BBC chairman should resign former Executive claims following impartiality row - 'He can't do his job!'

BBC chairman should resign former Executive claims following impartiality row - 'He can't do his job!'

Former BBC Executive Roger Bolton told GB News that Chairman Richard Sharp should resign

GB News
GB News Reporter

By GB News Reporter


Published: 12/03/2023

- 10:06

Updated: 13/03/2023

- 07:46

Gary Lineker was suspended from presenting Match of the Day after commenting on the Government's proposed Channel migrant policy

The BBC chairman needs to resign, according to one of the Corporation's former executives amid Gary Lineker's suspension from presenting Match of the Day after his controversial comments on Rishi Sunak’s new illegal immigration policy.

Roger Bolton told GB News the position of Richard Sharp was now untenable.


Gary Lineker was told to "step back" from Match of the Day until an agreement has been reached on social media use.

Speaking on GB News this morning, Bolton said: “The BBC Chairman now needs to resign.

Roger Bolton talking to GB News

Former BBC Executive Roger Bolton claims that Richard Sharp 'can't do this job'

GB News

"The very fact that he can't speak out on the subject and defend the BBC and define impartiality, as the Chairman of the BBC, means he can't do his job.

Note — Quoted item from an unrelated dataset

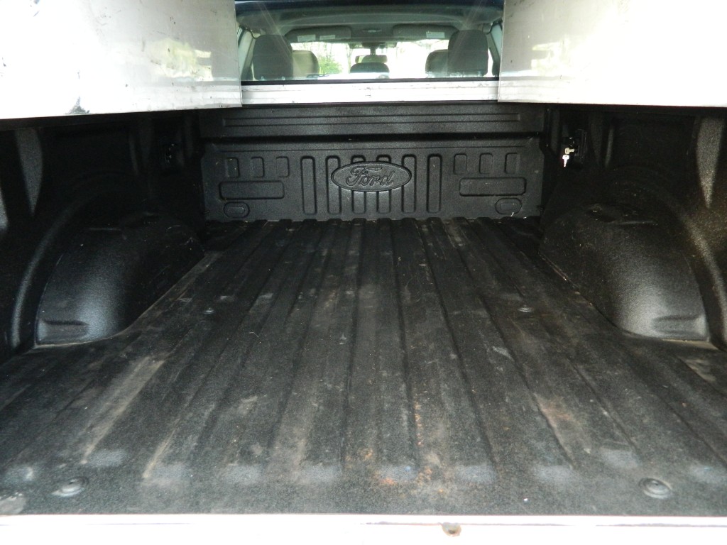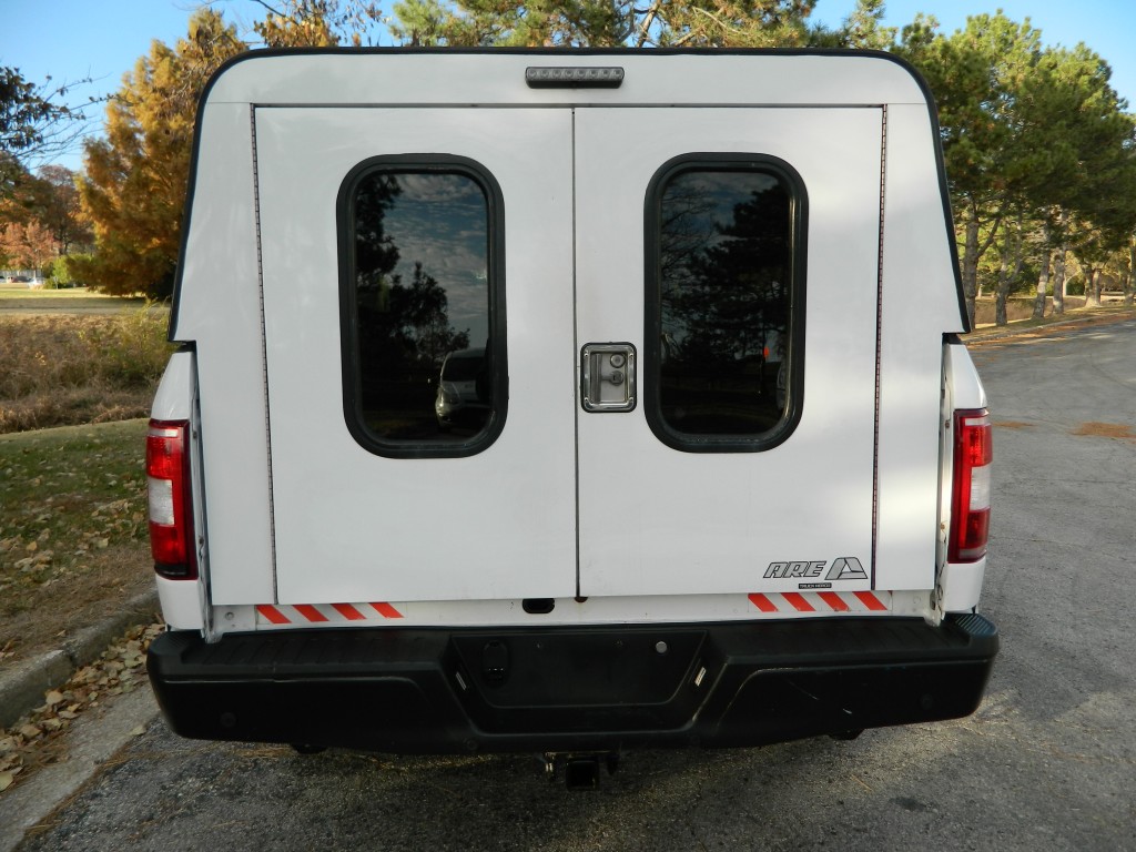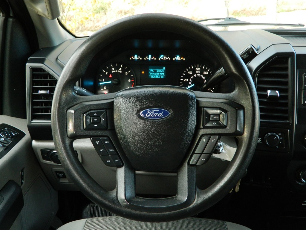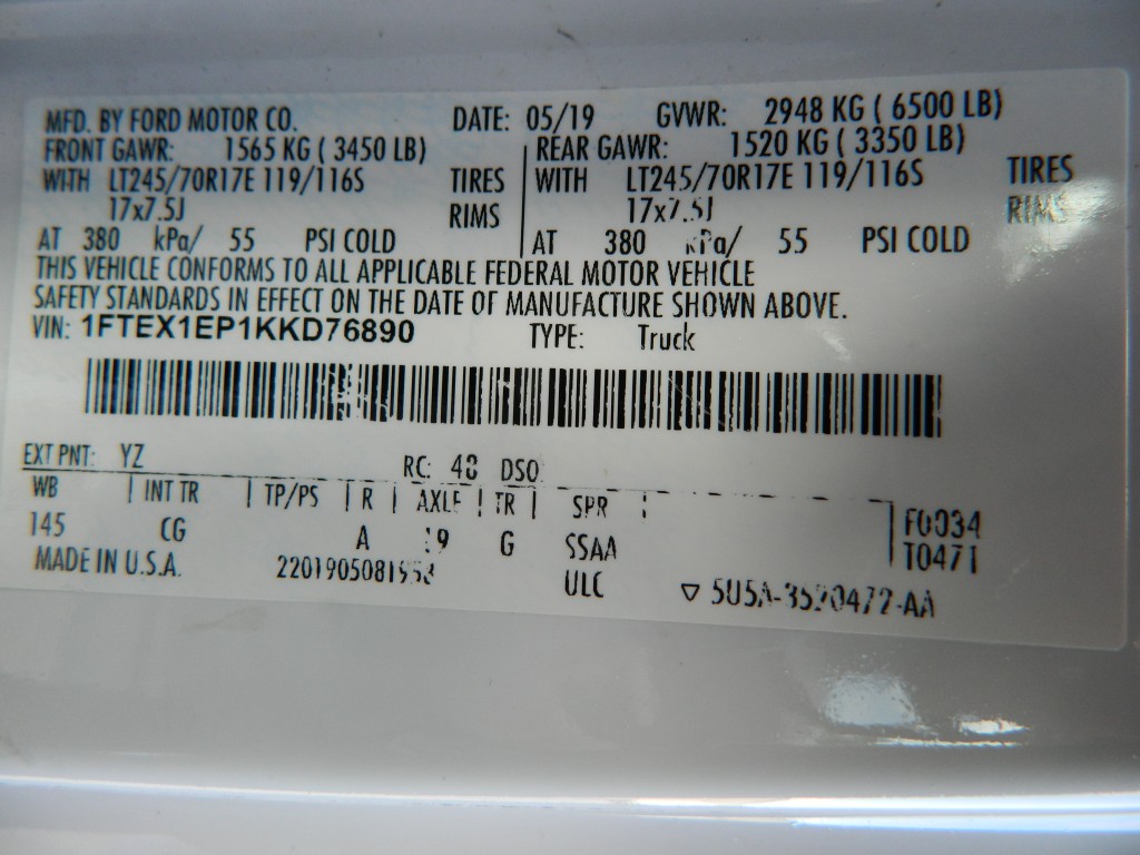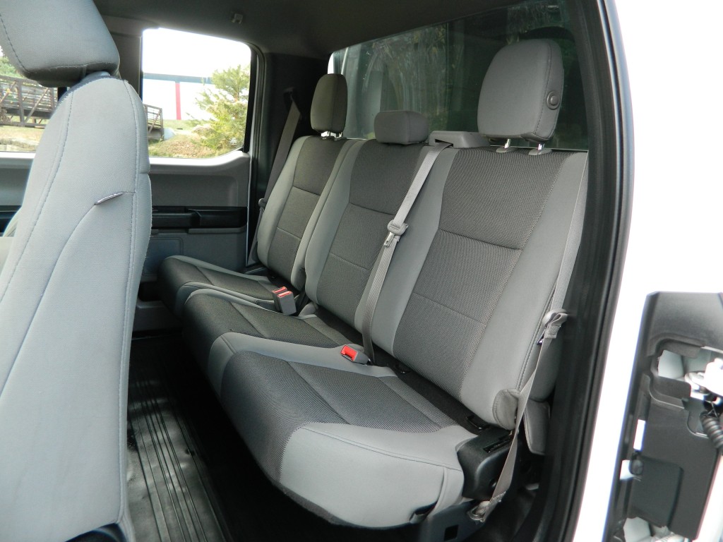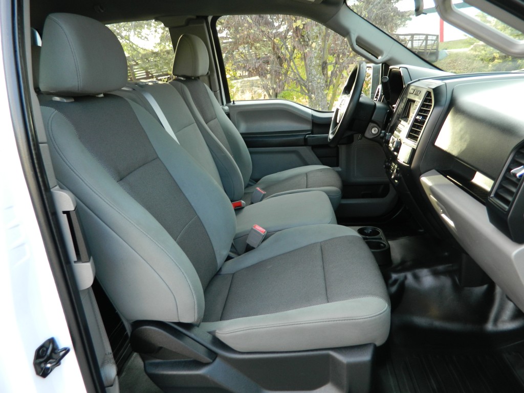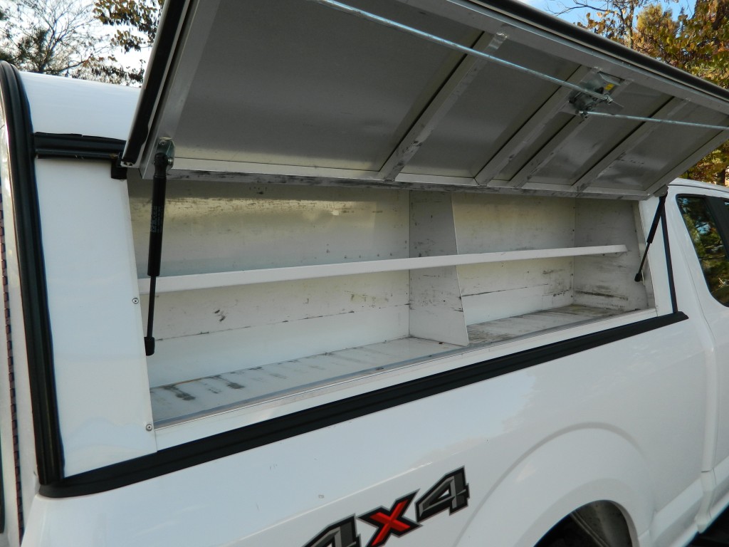 2019 Ford F-150 XL Extended Cab (SuperCab) with 4-wheel drive, XL Power Equipment Group, Trailer Tow Package, 6500# GVWR. It has the 2.7L Twin Turbo V6 EcoBoost engine with 325hp and 400ft lbs of torque, electronic 10-speed automatic transmission with manual shift and multiple driver modes, 4-wheel drive with traction control, a 3.55 electronic locking rear axle, steel wheels and an excellent set of Pirelli tires. White with black trim, rear view camera, 6.5-foot bed with a Ford Factory spray-in bed liner, an ARE model D392-23 work shell with keys, front tow hooks, rear receiver and a built-in trailer brake controller. Interior has black vinyl flooring, gray cloth seats, seating for six, power windows, door locks and mirrors, good heat and cold A/C, sound system with AM/FM/USB/BT inputs, tilt and telescopic steering column, steering wheel controls, cruise control and more.

So, I'm afraid he should go.”

Lineker's suspension follows an impartiality row over comments the presenter made criticising the government's new illegal immigration policy.

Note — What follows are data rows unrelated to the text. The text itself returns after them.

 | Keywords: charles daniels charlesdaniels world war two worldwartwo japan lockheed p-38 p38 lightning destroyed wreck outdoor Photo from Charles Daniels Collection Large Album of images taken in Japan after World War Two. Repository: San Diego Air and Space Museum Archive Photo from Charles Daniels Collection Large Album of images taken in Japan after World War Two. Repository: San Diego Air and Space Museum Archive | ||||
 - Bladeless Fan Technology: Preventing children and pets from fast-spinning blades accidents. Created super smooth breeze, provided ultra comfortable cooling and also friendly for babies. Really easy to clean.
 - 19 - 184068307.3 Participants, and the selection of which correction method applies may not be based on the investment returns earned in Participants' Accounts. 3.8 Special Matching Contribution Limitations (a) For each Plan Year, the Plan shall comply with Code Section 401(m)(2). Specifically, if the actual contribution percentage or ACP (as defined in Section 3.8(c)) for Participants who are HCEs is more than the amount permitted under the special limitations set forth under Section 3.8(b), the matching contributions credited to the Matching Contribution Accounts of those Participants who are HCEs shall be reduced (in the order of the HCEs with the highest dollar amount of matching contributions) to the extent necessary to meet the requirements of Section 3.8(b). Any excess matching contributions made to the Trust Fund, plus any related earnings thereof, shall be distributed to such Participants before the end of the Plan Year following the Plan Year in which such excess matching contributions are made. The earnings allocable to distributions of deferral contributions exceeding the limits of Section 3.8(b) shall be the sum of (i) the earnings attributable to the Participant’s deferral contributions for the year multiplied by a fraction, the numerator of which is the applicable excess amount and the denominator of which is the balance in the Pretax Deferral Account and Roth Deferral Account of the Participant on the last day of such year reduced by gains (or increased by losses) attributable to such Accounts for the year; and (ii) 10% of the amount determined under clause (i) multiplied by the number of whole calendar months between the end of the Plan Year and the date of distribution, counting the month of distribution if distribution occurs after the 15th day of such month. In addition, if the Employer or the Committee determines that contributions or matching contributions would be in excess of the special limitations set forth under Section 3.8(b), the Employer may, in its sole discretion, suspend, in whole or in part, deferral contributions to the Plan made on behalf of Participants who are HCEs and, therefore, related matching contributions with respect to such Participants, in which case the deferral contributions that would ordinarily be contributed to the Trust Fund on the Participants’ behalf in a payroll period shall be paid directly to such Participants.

There has been mounting pressure on the former England footballer after he compared the Government’s new proposed approach on Channel migrants to 1930s Germany.

The former BBC Executive and presenter added: “This is a mess. I think fundamentally at the heart of it is a lack of understanding of what impartiality is, and the lack of agreement of what it is.

"And a question of whether, if you have to pay the licence fee, which everybody has to do, you're entitled to be able to say to people, this is the BBC, and it is not a vehicle for you expressing your personal views."

“You just tell us what the facts are, and we'll keep our views to ourselves. It's this argument about what is impartial and who must be impartial.

"That is a wider question of course. The other thing that's happening here are the political parties, particularly the government and the governing parties, see this is a wonderful opportunity in the culture wars to create trouble and divert attention from the fundamental issue, which is illegal immigration, which is extraordinarily difficult to deal with."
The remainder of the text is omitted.